Parsing XML

1 October 2007

Originally published on macresearch.org, around 2007. Reproduced from the author's archive; some links may no longer resolve.

Using XML in Your Research

The eXtensible Markup Language has really taken off over the last few years, to the point that you can’t escape it in any visit to the computer book store. But while XML has thoroughly permeated the world of IT, its presence in the scientific world is far less pervasive, which is a shame, because it offers a number of advantages over do-it-yourself formats. For example, because XML is standardized, it is supported by many tools and libraries, making parsing and probing XML documents a breeze. In this short tutorial, I want to show you how you can use XML to develop interfaces to legacy applications.

The format of XML is actually pretty straightforward. If you have ever seen HTML code, you are already acquainted with an XML format. XML basically allows you to define elements, such as the

tag that defines a paragraph element in HTML. Each element can have attributes, like the href attribute in the HTML anchor tag (e.g. ), and embedded sub-elements and text.

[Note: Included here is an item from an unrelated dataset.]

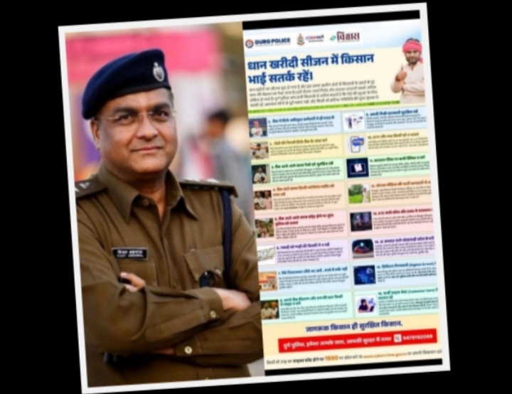 दुर्ग: धान खरीदी सीजन में किसानों की आर्थिक सुरक्षा को सर्वोच्च प्राथमिकता देते हुए दुर्ग पुलिस द्वारा व्यापक जागरूकता पोस्टर जारी किया गया है। जिला पुलिस अधीक्षक विजय अग्रवाल ने सभी नागरिकों से अनुरोध है कि इस संदेश को अधिक से अधिक किसानों तक पहुँचाकर सहयोग प्रदान करें।

To demonstrate, I am going to walk through a real example. I recently needed to use output from a Fortran program in some python scripts. The Fortran program wrote its output in a form that was not very easy to parse, making it difficult to use in other programs and scripts. So I added a second mode of output that generated XML. The XML printed looked like this:

<kffile>
   <section id='General'>
      <variable id='file-ident' length='6' type='3' />
      <variable id='jobid' length='160' type='3' />
      <variable id='title' length='160' type='3' />
      <variable id='Molecular_Weight' length='1' type='2' />
      <variable id='runtype' length='160' type='3' />
      <variable id='nspin' length='1' type='1' />
      <variable id='nspinf' length='1' type='1' />
      <variable id='ldapot' length='1' type='1' />
      <variable id='xcparv' length='1' type='2' />
      <variable id='ldaen' length='1' type='1' />
      <variable id='xcpare' length='1' type='2' />
      <variable id='ggapot' length='160' type='3' />
      <variable id='ggaen' length='160' type='3' />
      <variable id='lhybrid' length='1' type='4' />
      <variable id='hybrid' length='160' type='3' />
      <variable id='iopcor' length='1' type='1' />
      <variable id='ioprel' length='1' type='1' />
      <variable id='electrons' length='1' type='2' />
      <variable id='unit of length' length='1' type='2' />
      <variable id='unit of angle' length='1' type='2' />
      <variable id='lfrozend' length='1' type='4' />
      <variable id='scfmod' length='160' type='3' />
   </section>
   <section id='Geometry'>
      <variable id='grouplabel' length='160' type='3' />
      <variable id='Geometric Symmetry' length='160' type='3' />
      <variable id='symmetry tolerance' length='1' type='2' />
      <variable id='orient' length='12' type='2' />
...

This is a fairly basic XML document. Basically, there is an all enclosing kffile element, which contains nested section elements. Each section element in turn nests a number of variable elements. The section and variable elements each have one or more attributes. For example, a variable has an identifier (id), data length (length), and data type (type). (Note that the data itself is not included in this particular scheme, but could easily be added.)

The advantage of using an XML format to dump structured data is that reusing that data then becomes a breeze. For example, here is a python program to read in the data above, and print out all of the section and variable names:

#!/usr/bin/env python

from xml.dom.minidom import *
dom = parse('dump.xml')
for section in dom.getElementsByTagName('section'):
    print section.getAttribute('id')
    for variable in section.getElementsByTagName('variable'):
        print '  ', variable.getAttribute('id')

That’s all. Tiny. The parsing itself is a single line of code. And don’t think that this is only possible in Python, it’s not. Libraries to parse XML are commonplace in nearly all languages, and typically just as easy to use.

You can parse XML in a number of ways. One option is a so called SAX parser, that basically walks through the XML tree, and calls a function for each element that it encounters. The advantage of this approach is that you don’t need to read the whole document into memory.

The parser used here is a so-called Document Object Model (DOM) parser. It reads in the whole document, and represents it internally as a tree-like structure called the DOM-tree. Once you have this tree, you can do anything you like with it. You can traverse it, like we have done here, and you can even modify and print it back out again. The advantage of a DOM parser is that it is typically much easier to perform operations on the data. A disadvantage is that you have to load the whole document, which could be an issue if you have lots of data.

That’s it for this brief introduction to XML. In conclusion, adding an XML output option to your legacy C or Fortran application can be a simple way to make it much more useful, by providing better integration with other applications and scripting languages.